■ Description of the task:
Please output exactly the lines from the one that holds "2290 AR Angel" through the final line of the data, and nothing else; leave out any pictures.

■ Provided records:

-.-.-

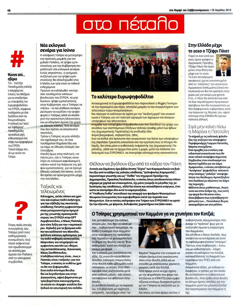 ΣΤΟ ΚΑΡΦΙ - 26 Απριλίου 2019
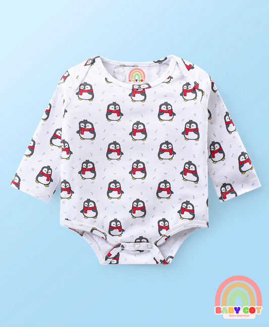 100% Cotton Interlock Knit Full Sleeves Onesies With Stripes & Penguin Print Pack of 3 -Multicolour
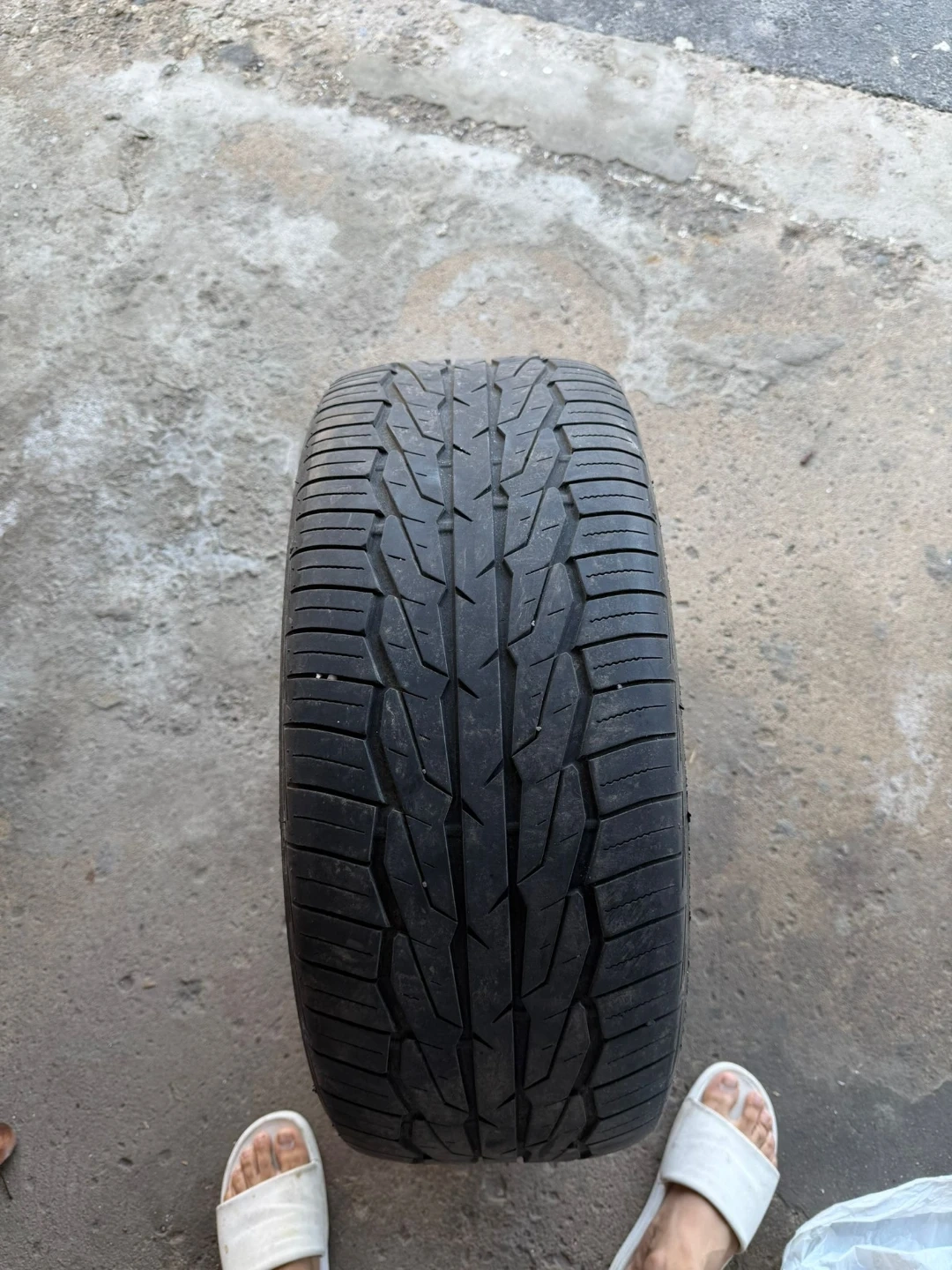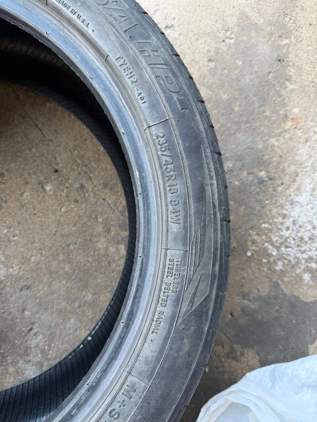 A Goodyear Assurance tire, size 235/45R18. Radial tire with steel-belted radial construction. Tubeless design. I have 2 tire available all season.
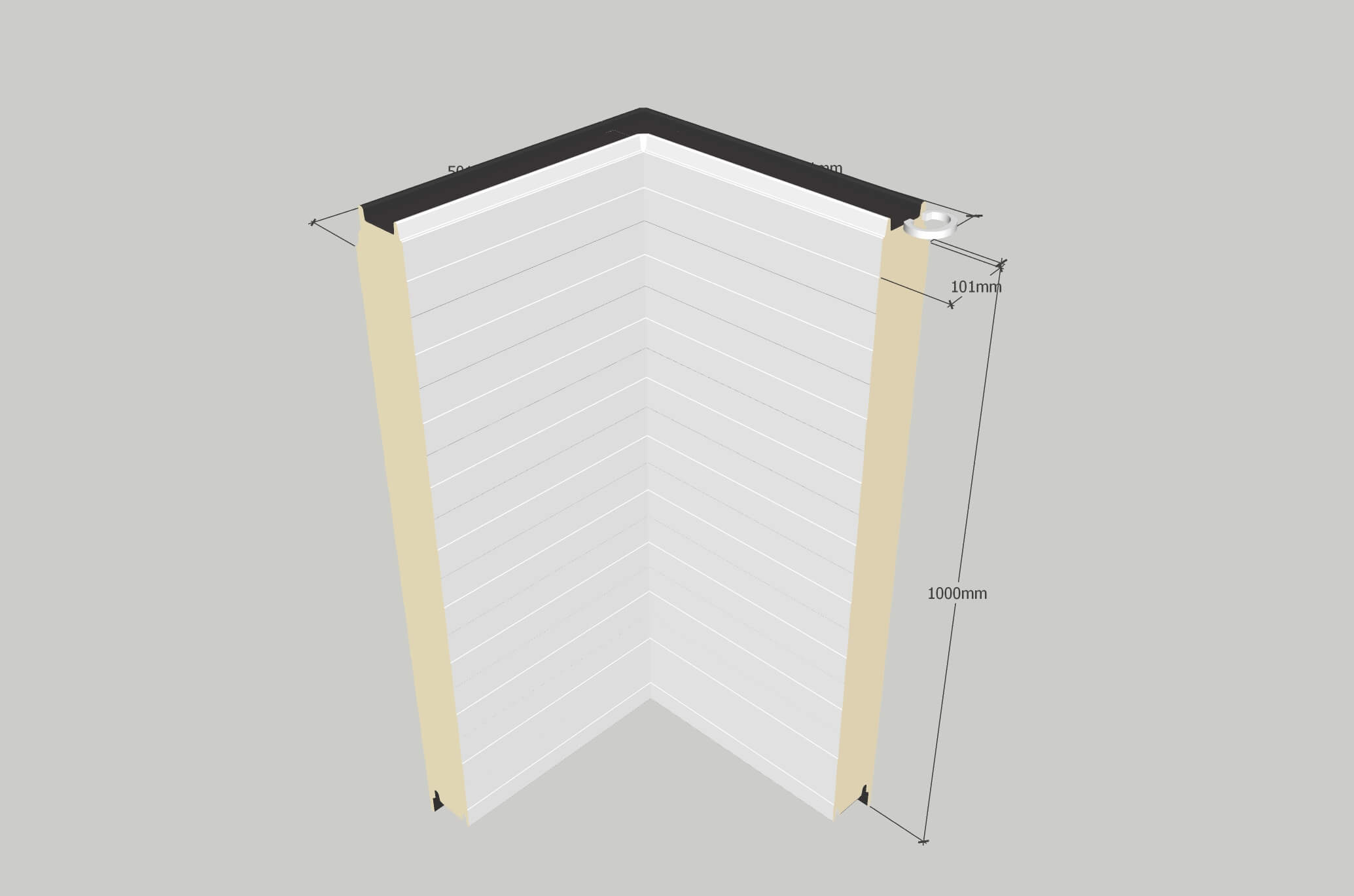 Hörnsandwichelement med dold skarv (PIR) – vägg, horisontell
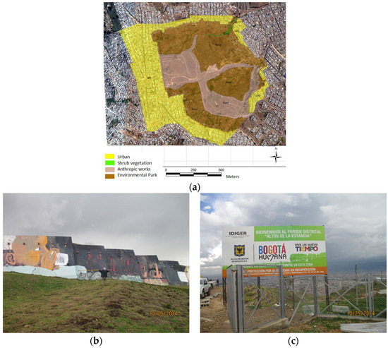 Subsequently, Decree 364 of 2013 established the ‘Altos de la Estancia District Park’ (Figure 7) [57]. In December 2012, the megacity administration completed the mitigation works in the EA zone, with an investment of USD 6.75 million. Water management systems were implemented, and live fences were planted [106]. In 2013, a project called the ‘Urban Improvement Plan’ was proposed for the AE zone, comprising intervention lines in land clearance, family resettlement, and housing improvement, with an estimated value of USD 19.3 million [108].
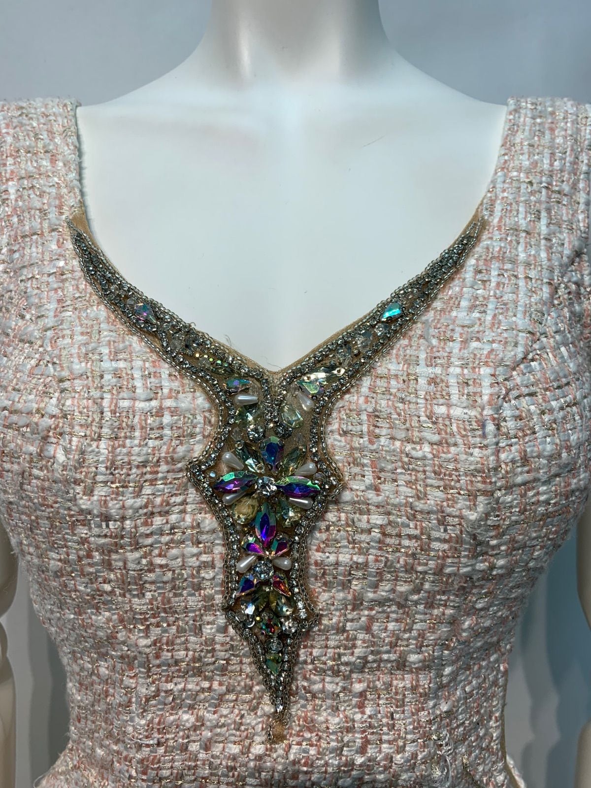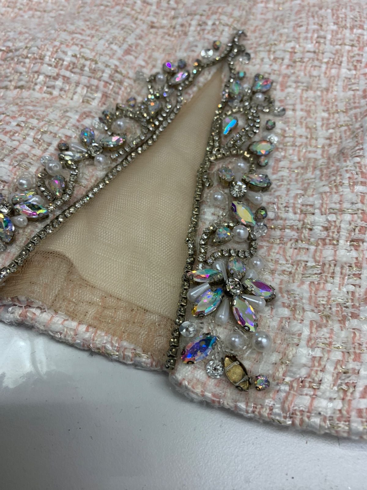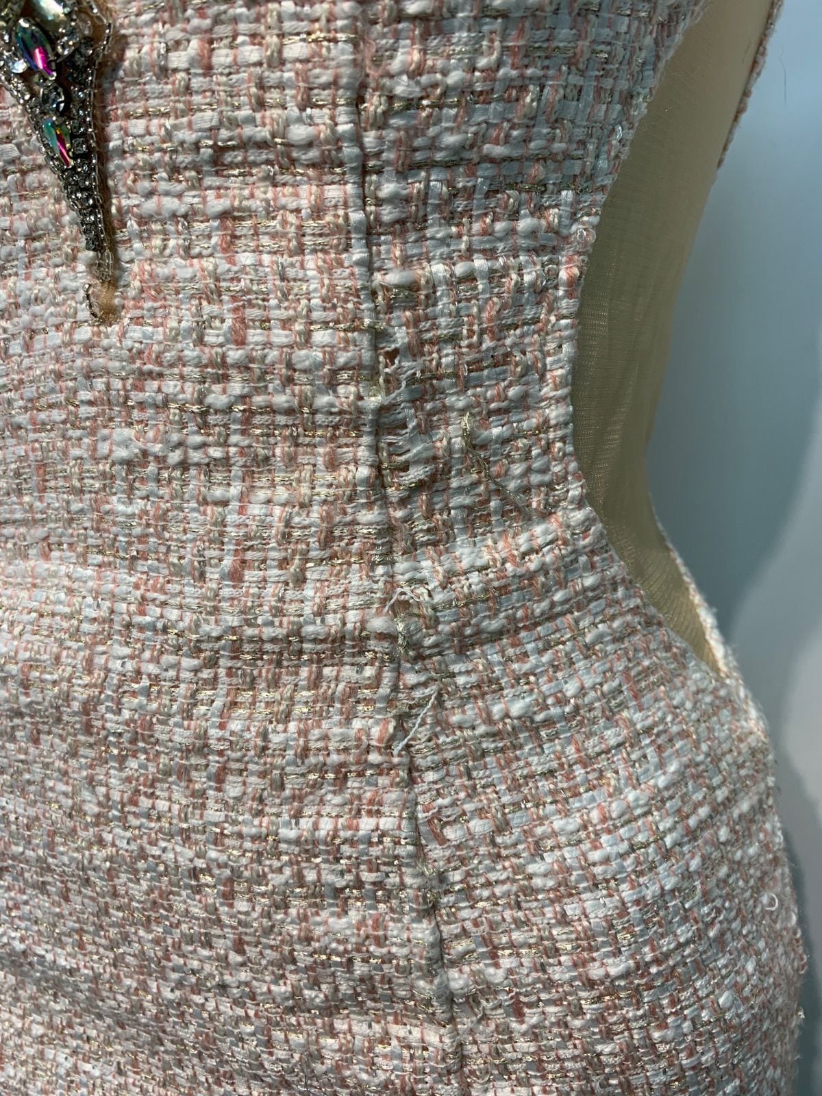 2290 AR Angel R エンジェルアール キャバクラ ドレス ツイード ラメ ノースリーブ サイドシースルー ストーン キャバドレス S
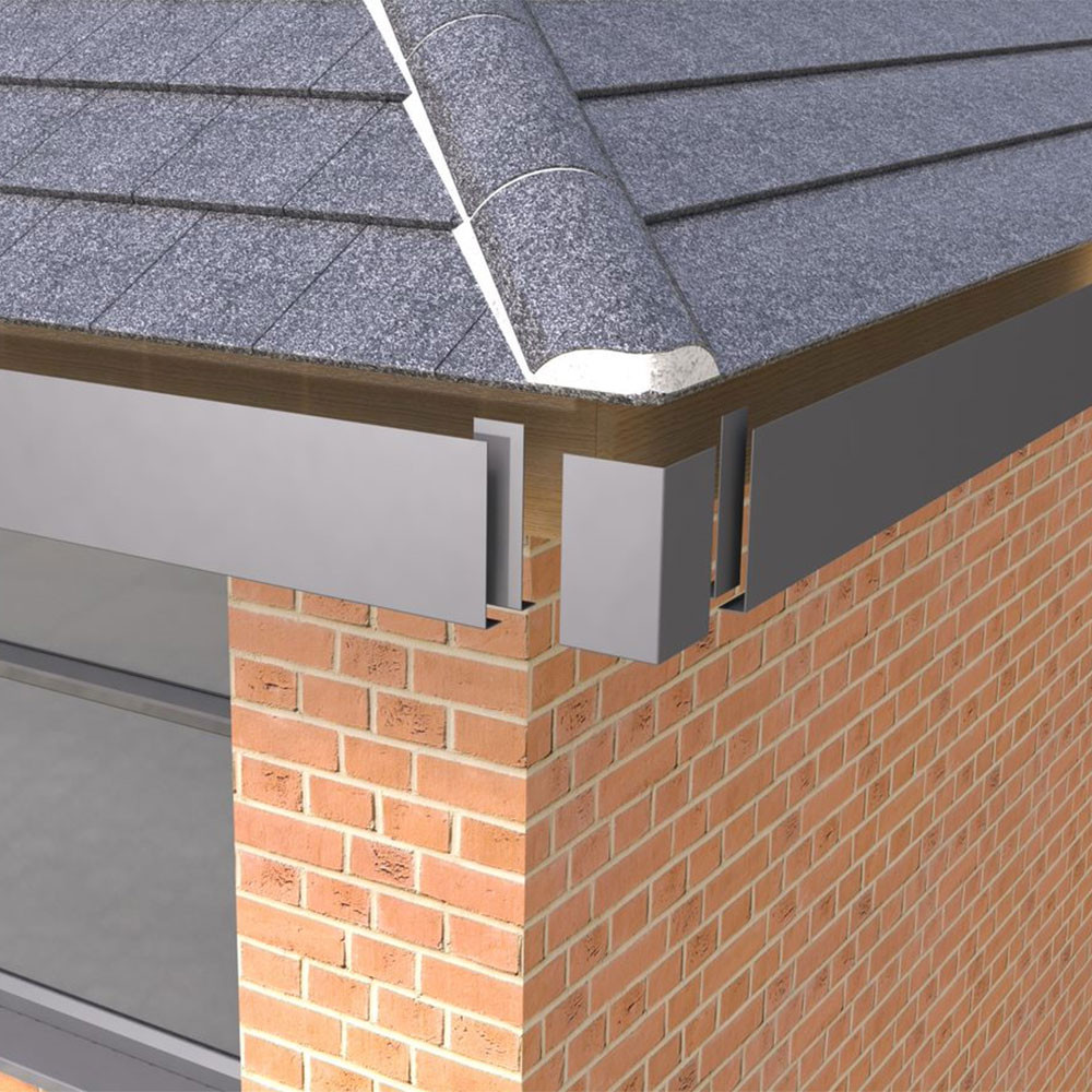 The powder-coating aluminium enables a clean-cut mitred join with each section, completing those ever-popular ultra-modern lines. In addition, these fascia profiles fully enclose the gutter and can be projected directly from the elevation or combined with the soffit plan for varying eaves overhangs.

-.-.-

■ Reply:
 2290 AR Angel R エンジェルアール キャバクラ ドレス ツイード ラメ ノースリーブ サイドシースルー ストーン キャバドレス S
 The powder-coating aluminium enables a clean-cut mitred join with each section, completing those ever-popular ultra-modern lines. In addition, these fascia profiles fully enclose the gutter and can be projected directly from the elevation or combined with the soffit plan for varying eaves overhangs.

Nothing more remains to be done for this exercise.